Define the core parameters for daily batch preprocessing:

- **Target Time**: Extract frames from videos closest to 12:00 PM EST
- **Date Filter**: Process only videos from yesterday (full calendar day)
- **Frame Count**: Number of frames to extract per video
- **Input Path**: Base directory containing camera subdirectories
- **Output Path**: Where to save extracted frames
- **File Pattern**: Expected video filename format (CAMERA_YYYYMMDD_HHMMSS.mp4)

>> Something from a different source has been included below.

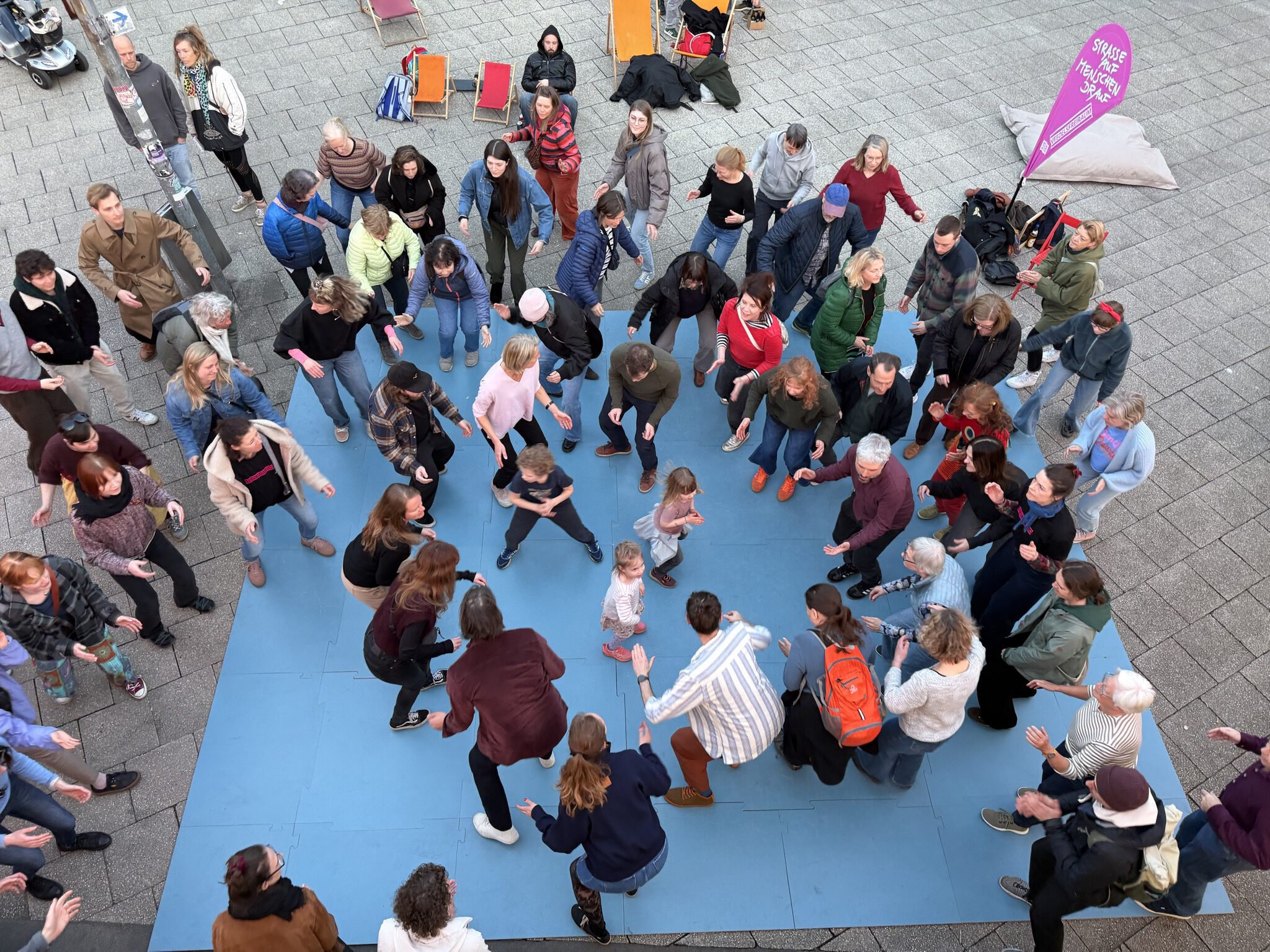 Erst einzeln, dann in Gruppen – Menschen, die bewusst den Weg zum Ebertplatz gefunden hatten, und solche, die einfach vorbeikamen und blieben. DJ JazzMedic sorgte für den Sound, der Platz füllte sich, und was zunächst als Zuschauen begann, wurde nach und nach zum Mitmachen.

This configuration serves as the single source of truth for the batch processing workflow.

In [11]:
# Cell 3 - Batch Processing Configuration
from datetime import datetime, timedelta

# Configuration
CONFIG = {
   # Time targeting
   'TARGET_TIME': '120000',  # 12:00:00 in 24-hour format
   'TARGET_HOUR': 12,
   
   # Date filtering - yesterday only
   'PROCESS_DATE': (datetime.now() - timedelta(days=1)).strftime('%Y%m%d'),
   
   # Frame extraction
   'FRAMES_PER_VIDEO': 10,
   
   # Paths
   'INPUT_DIR': Path.home() / 'traffic-recordings',
   'OUTPUT_DIR': Path('batch_processed_frames'),
   
   # File pattern
   'VIDEO_PATTERN': '*_{date}_*.mp4',  # Will be formatted with PROCESS_DATE
   'FILENAME_FORMAT': '{camera}_{date}_{time}.mp4'  # Expected format
}

# Display configuration
print("Batch Processing Configuration:")
print(f"  Target Date: {CONFIG['PROCESS_DATE']}")
print(f"  Target Time: {CONFIG['TARGET_TIME']} (12:00:00)")
print(f"  Frames per video: {CONFIG['FRAMES_PER_VIDEO']}")
print(f"  Input: {CONFIG['INPUT_DIR']}")
print(f"  Output: {CONFIG['OUTPUT_DIR']}")

Batch Processing Configuration:
  Target Date: 20250620
  Target Time: 120000 (12:00:00)
  Frames per video: 10
  Input: /home/trauco/traffic-recordings
  Output: batch_processed_frames


## 💾 Initialize Checkpoint System

Create checkpoint functionality to track processing progress and enable recovery from interruptions. This system saves state after each video completes, allowing the workflow to resume from the last successful video if stopped.